* _Records supplied_:
*** Begin section ***
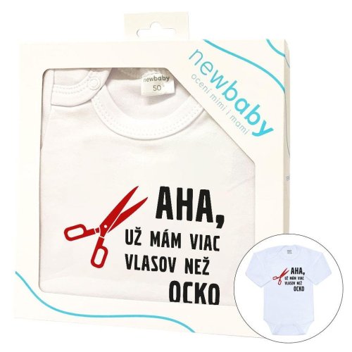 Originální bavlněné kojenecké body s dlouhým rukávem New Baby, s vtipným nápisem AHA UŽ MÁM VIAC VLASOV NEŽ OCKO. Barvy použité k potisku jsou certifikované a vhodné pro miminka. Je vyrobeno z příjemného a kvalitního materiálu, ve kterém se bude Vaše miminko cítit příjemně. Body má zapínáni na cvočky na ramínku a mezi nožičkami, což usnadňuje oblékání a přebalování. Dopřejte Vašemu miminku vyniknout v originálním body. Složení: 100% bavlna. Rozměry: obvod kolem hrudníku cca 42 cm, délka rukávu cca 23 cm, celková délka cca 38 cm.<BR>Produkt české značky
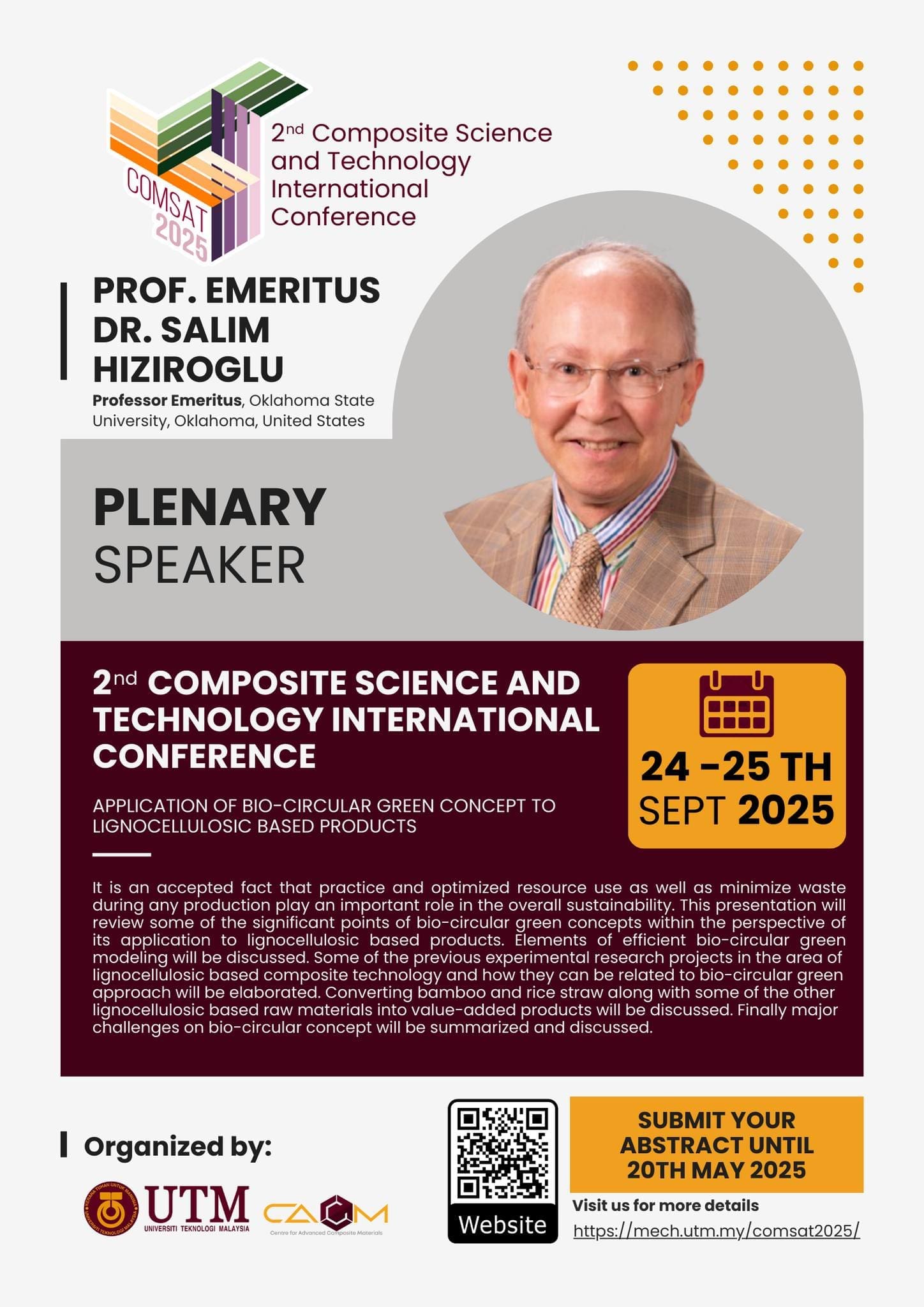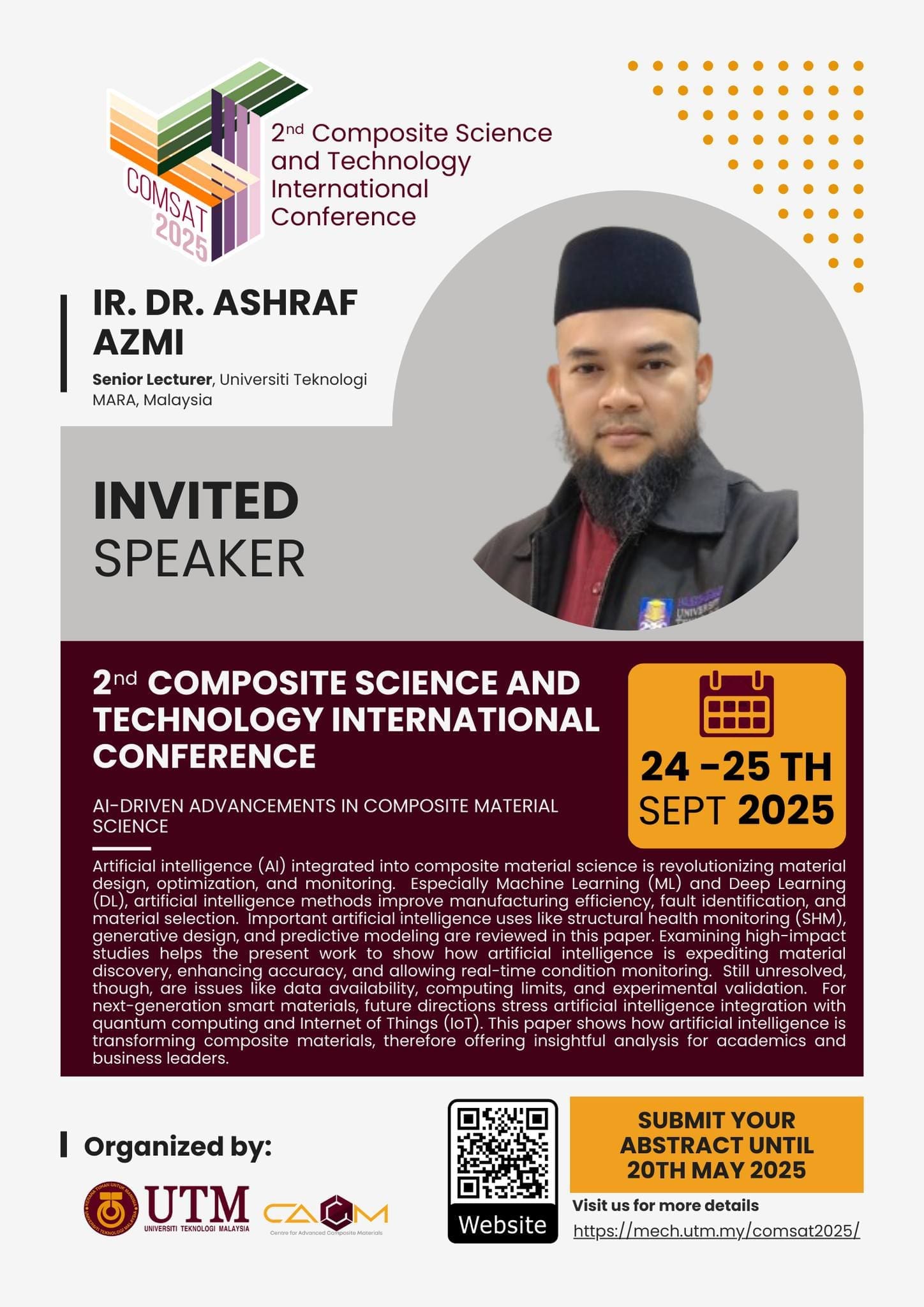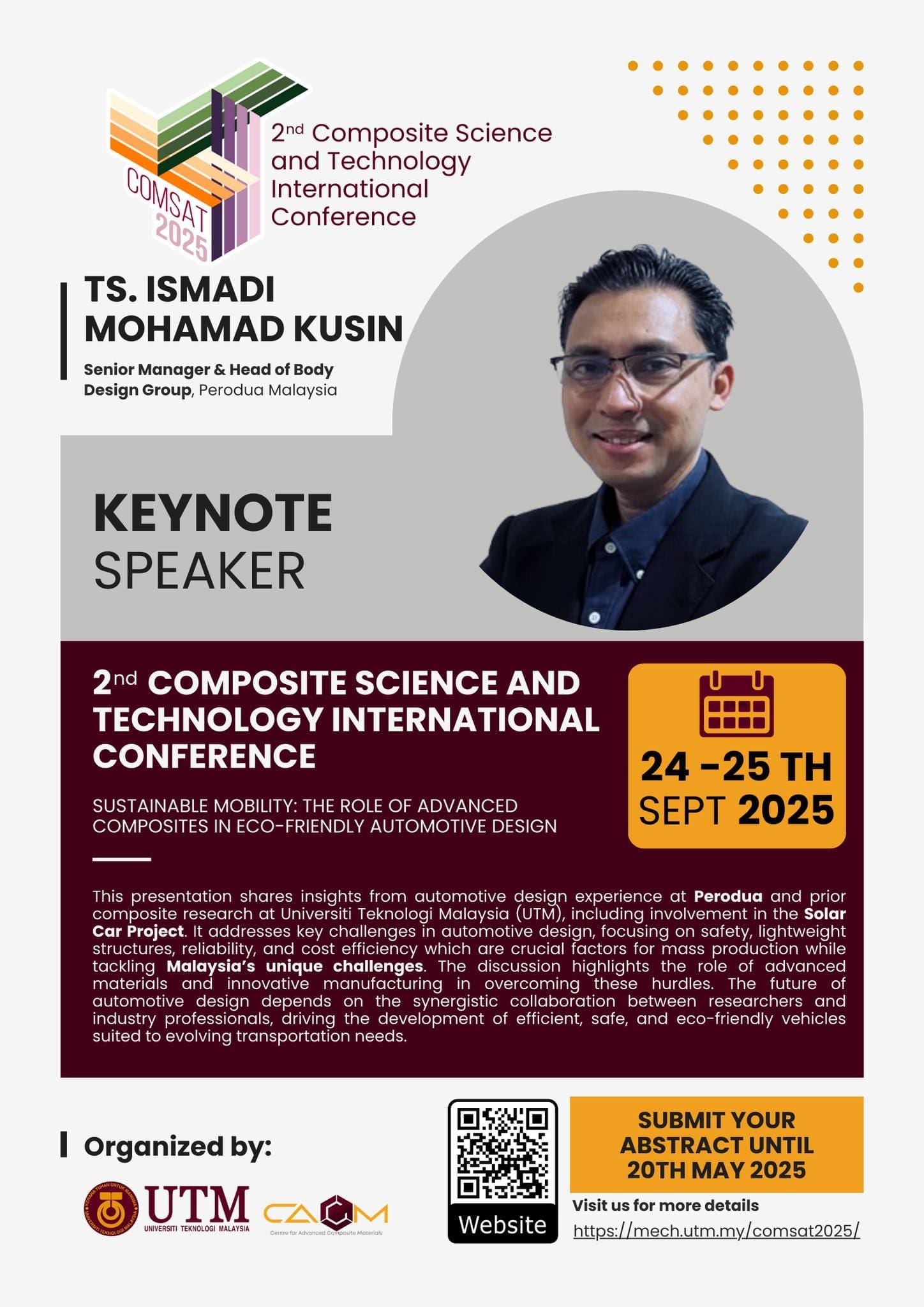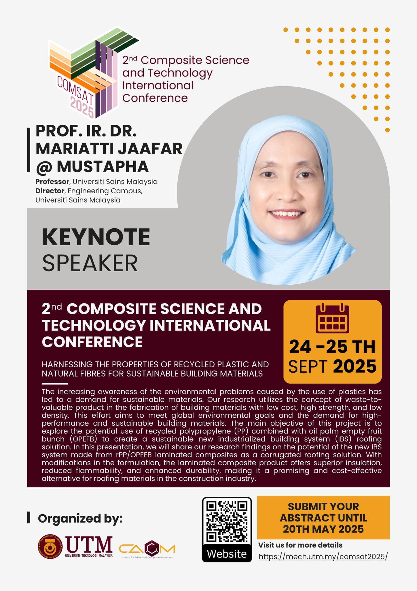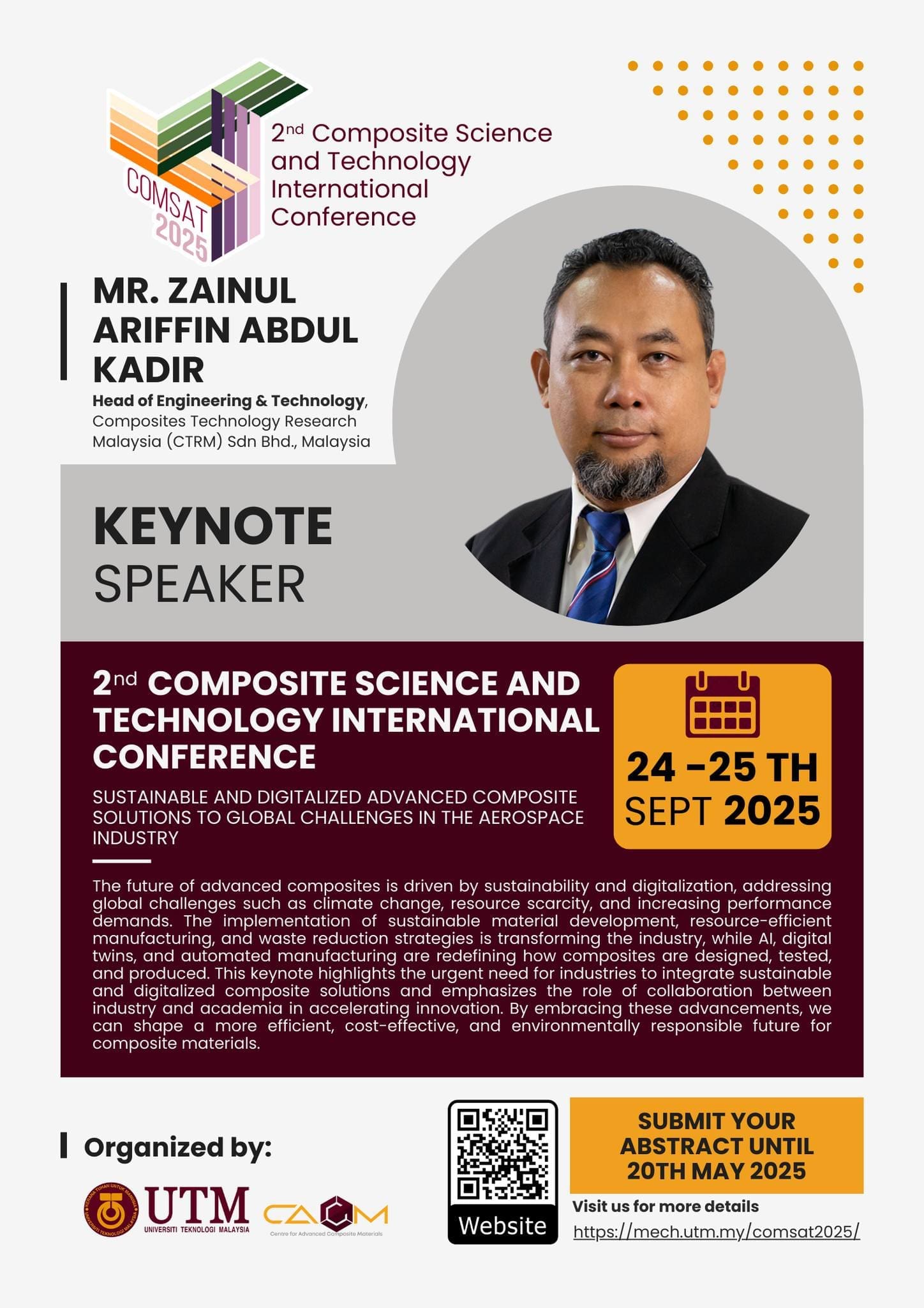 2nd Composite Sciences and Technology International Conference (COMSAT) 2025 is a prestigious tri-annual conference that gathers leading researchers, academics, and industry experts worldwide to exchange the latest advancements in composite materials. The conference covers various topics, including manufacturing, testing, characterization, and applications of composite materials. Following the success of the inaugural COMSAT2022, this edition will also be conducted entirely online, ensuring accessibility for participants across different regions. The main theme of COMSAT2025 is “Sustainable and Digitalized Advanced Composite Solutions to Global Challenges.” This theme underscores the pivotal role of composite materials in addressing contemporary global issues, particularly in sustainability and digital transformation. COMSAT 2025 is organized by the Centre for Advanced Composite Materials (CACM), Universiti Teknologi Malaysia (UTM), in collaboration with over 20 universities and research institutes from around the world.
*** End section ***
*** Begin section ***
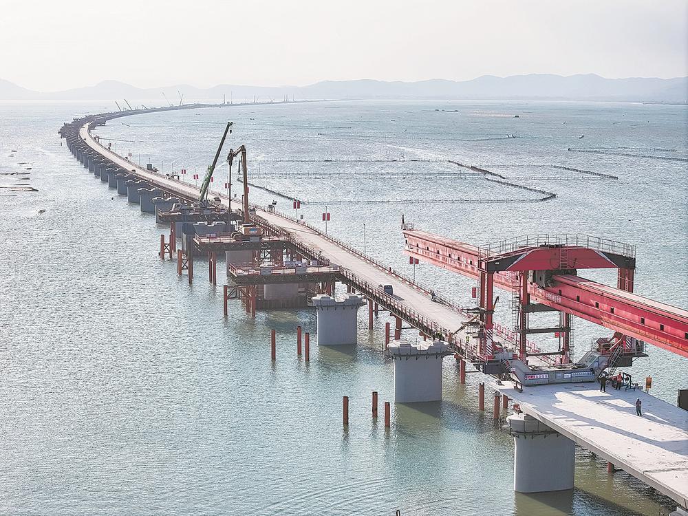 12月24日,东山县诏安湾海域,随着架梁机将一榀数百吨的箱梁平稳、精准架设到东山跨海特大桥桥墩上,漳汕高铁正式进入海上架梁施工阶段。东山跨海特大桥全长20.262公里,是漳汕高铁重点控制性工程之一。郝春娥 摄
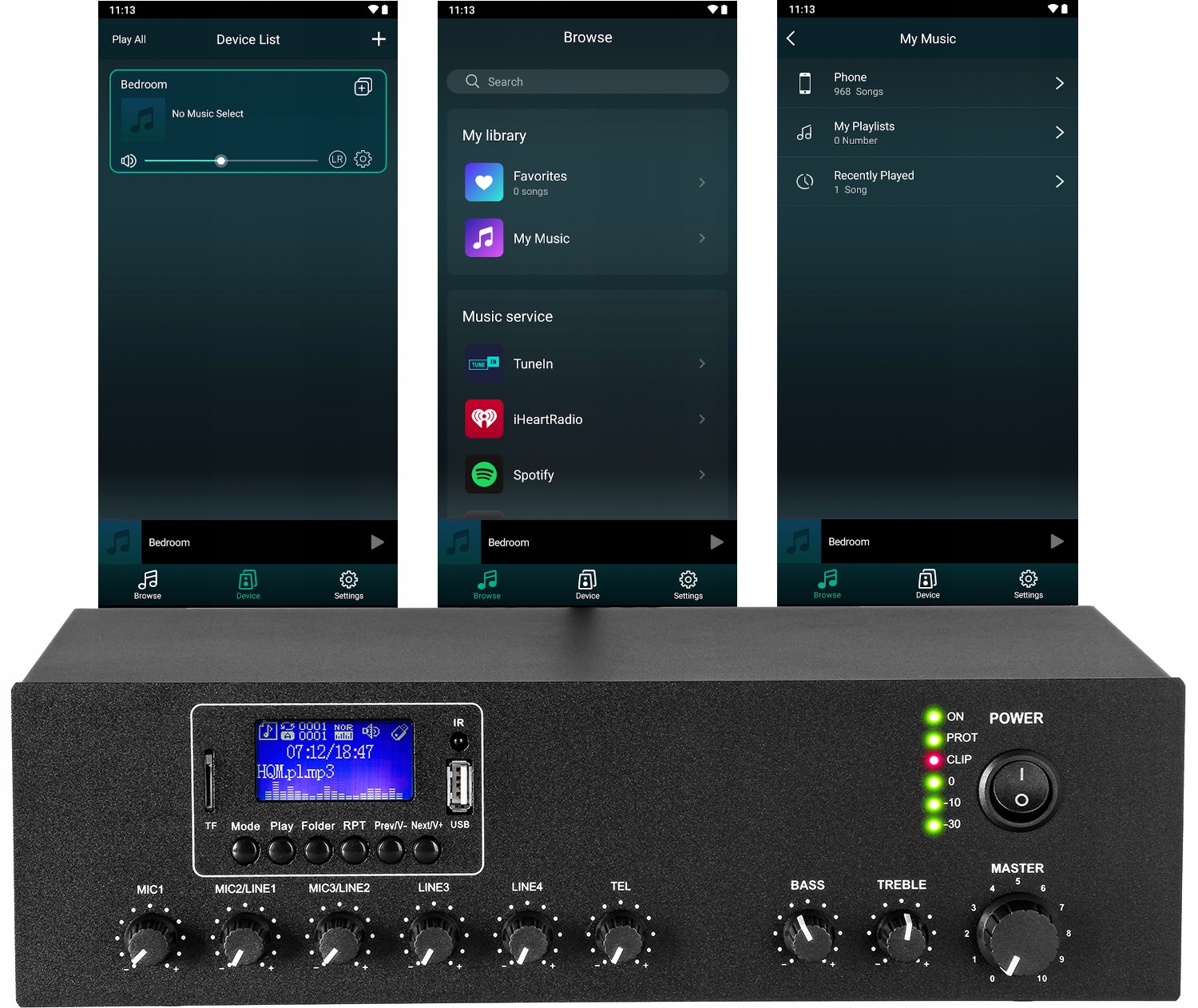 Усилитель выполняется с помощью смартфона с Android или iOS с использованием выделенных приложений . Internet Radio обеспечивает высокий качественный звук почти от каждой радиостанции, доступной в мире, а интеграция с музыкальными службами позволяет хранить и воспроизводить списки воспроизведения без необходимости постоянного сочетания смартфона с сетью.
*** End section ***
*** Begin section ***
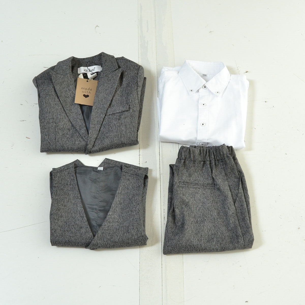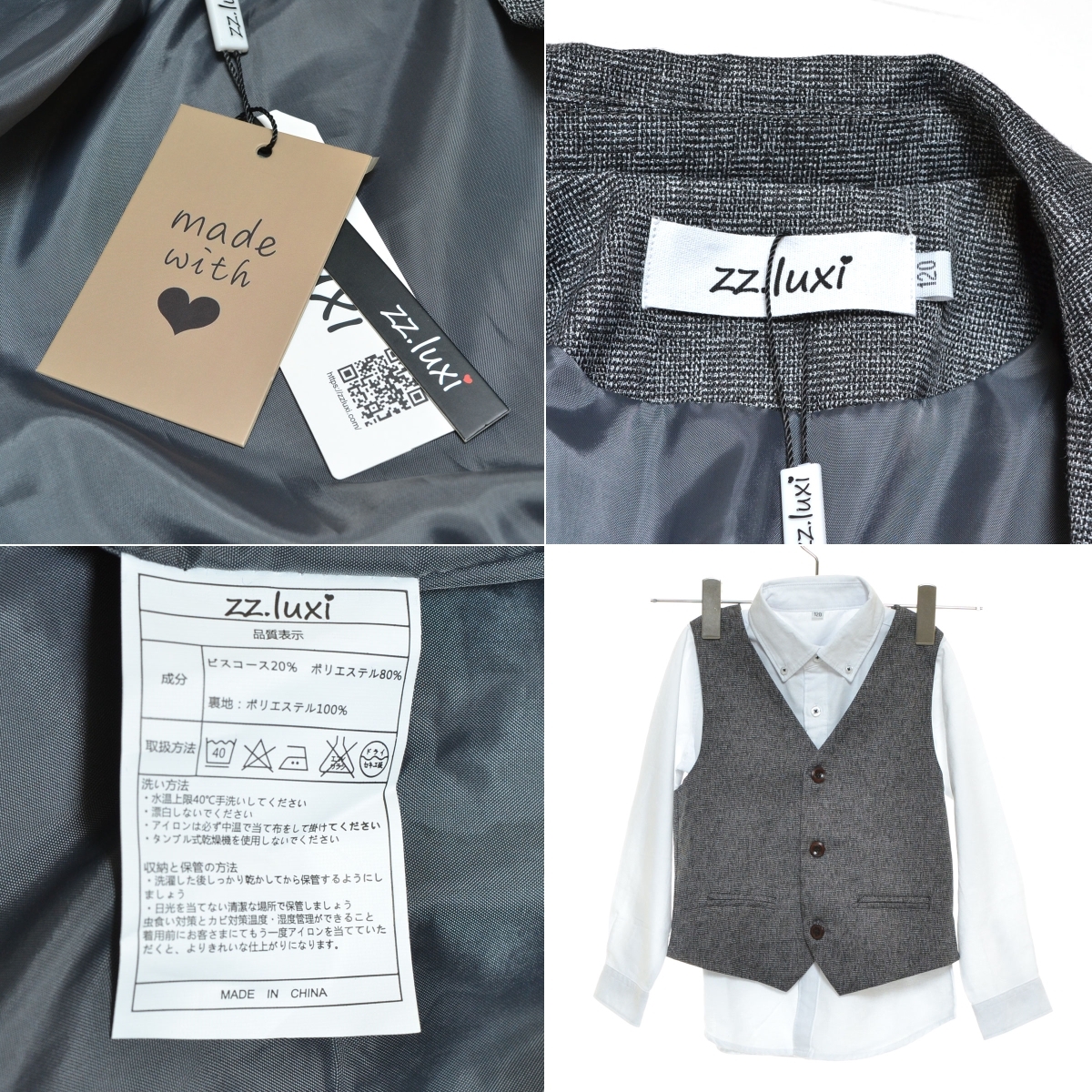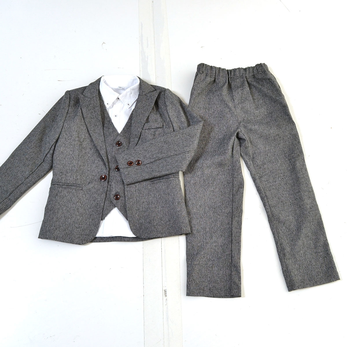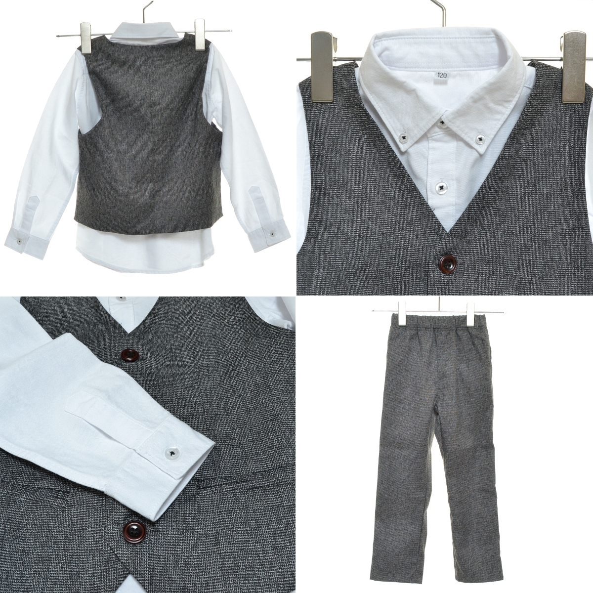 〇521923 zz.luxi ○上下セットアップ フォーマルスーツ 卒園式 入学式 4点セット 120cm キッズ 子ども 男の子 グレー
*** End section ***
* _Your instructions_:
In the listing above, find the line with "12月24日,东山县诏安湾海" and the line with "Усилитель выполняется с". Copy exactly those two and every line between, without the pictures.

* _Response to this exercise_:
 12月24日,东山县诏安湾海域,随着架梁机将一榀数百吨的箱梁平稳、精准架设到东山跨海特大桥桥墩上,漳汕高铁正式进入海上架梁施工阶段。东山跨海特大桥全长20.262公里,是漳汕高铁重点控制性工程之一。郝春娥 摄
 Усилитель выполняется с помощью смартфона с Android или iOS с использованием выделенных приложений . Internet Radio обеспечивает высокий качественный звук почти от каждой радиостанции, доступной в мире, а интеграция с музыкальными службами позволяет хранить и воспроизводить списки воспроизведения без необходимости постоянного сочетания смартфона с сетью.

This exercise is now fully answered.